Learn about local culture aboard a traditional Maori war canoe
'Tohiki!' the chief bellows, like a warrior calling from a different age. 'Hiiii!' the crew respond in unison, 40 paddles drawing against the water in time with the chant. As the double-hulled waka (canoe) surges forth, Hone Mihaka turns to me with a satisfied smile. 'We are the waka, and the waka is us.'

Hone is a proud member of the Ngapuhi, New Zealand's largest tribe and the one to which most Bay of Islands Maori belong. His company Taiamai Tours offers waka voyages on the Waitangi River, allowing visitors to explore the area while learning about his people's relationship with the land. 'It's about sharing who we are, involving people in our living culture - not turning it into a product,' says Hone. He is scornful of the Maori 'cultural shows' put on by local hotels. 'With us, what you are paying for is a three-hour trip in a canoe with a couple of storytellers. But our customs and traditions, they are not for sale; these are our gift to you.'

The journey begins in the Waitangi River's tidal estuaries, with a lesson in waka paddling skills and chants. As we make our way upstream and the bush land along the riverbanks grows greener and denser, our strokes pull deeper; our rhythmic calls become more emphatic. Hone stands at the waka's ornately carved prow, thumping his paddle in time, but occasionally breaks rank to point out a bird or plant, a good fishing spot, or the family marae (meeting house), a low wood-plank building with a grass-covered roof.

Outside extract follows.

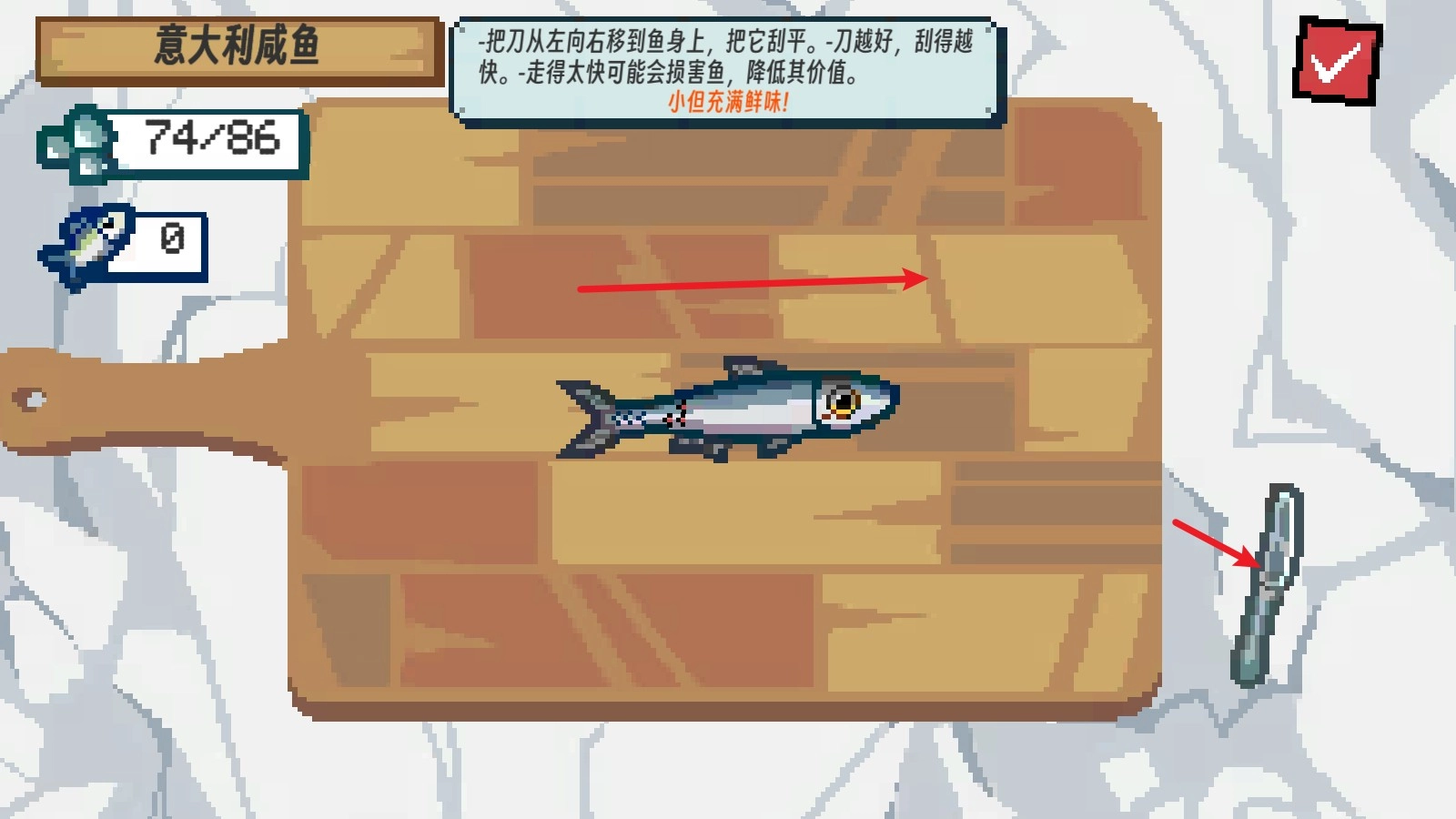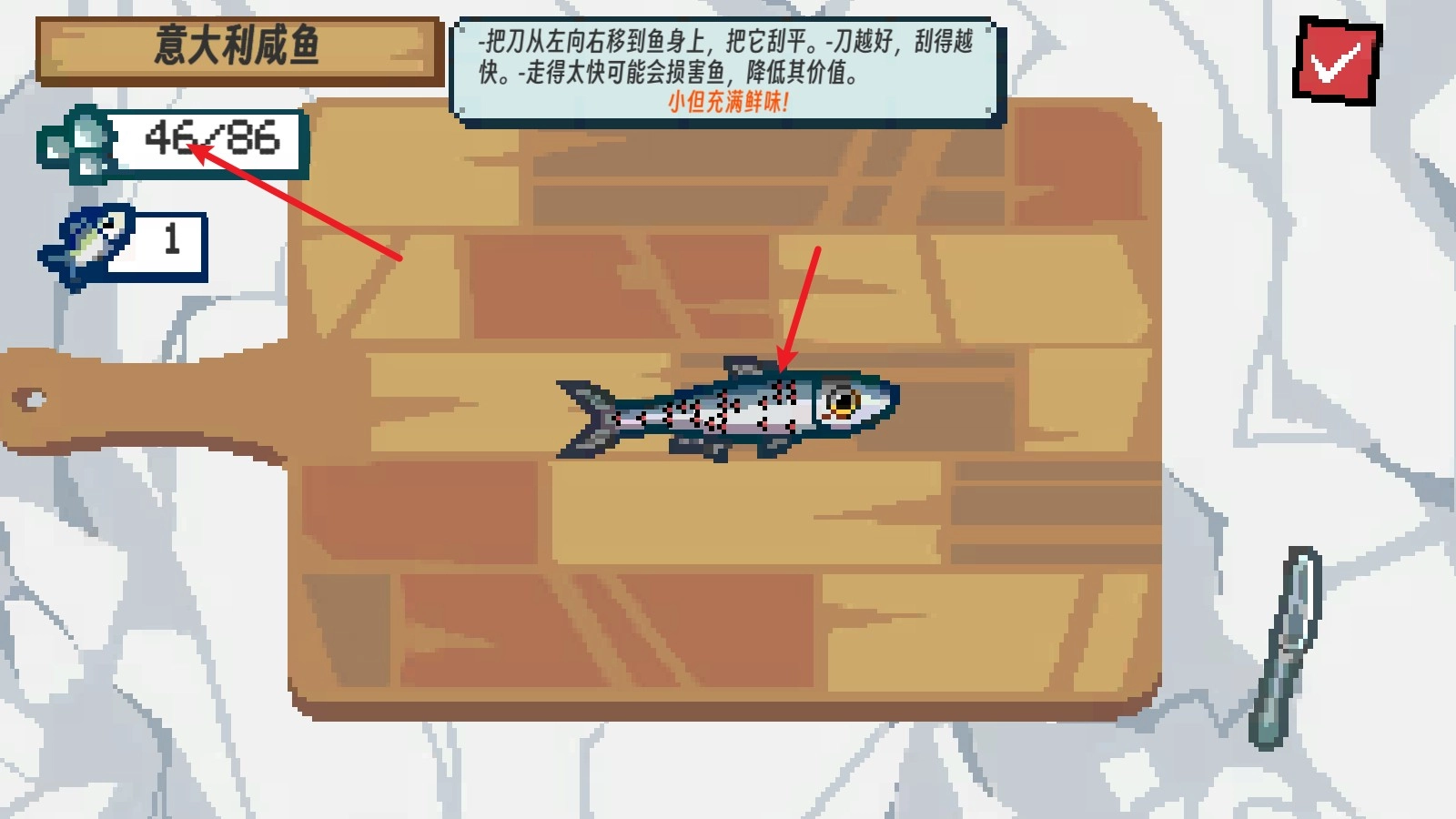 3、把鱼钓上来后,我们就能去船舱里刮鱼鳞了。

Today I am the only tourist aboard the waka - the rest of the crew are all members of Hone's whanau, or extended family. Cousins, aunts, brothers, grandsons - from a seven-year-old boy to a woman in her 70s - all have come to take their place in the canoe for Waitangi Day. A public holiday, 6 February commemorates the signing of the Treaty of Waitangi, New Zealand's founding document, in 1840. Each year, just after sunrise, it is marked by the ceremonial procession of a waka fleet, and tribes from all over New Zealand come to take part. 'For my ancestors, Waitangi Day was about bringing together different tribes, nations, peoples,' says Hone. 'And for me it is the same thing - a coming together.'

There are few 'pure' Maori left in New Zealand, most share heritage with the Pakeha (British, Irish and other white European settlers) who colonised their land. Hone wears a red tartan blanket wrapped around his waist, but when I enquire about its significance he shrugs and laughs. 'This is the first thing that came to hand when I got dressed this morning. You want to talk about my clothing? This is my clothing,' he says, placing a clenched fist on his bare chest, at the heart of an elaborate tattoo: his 'moko'.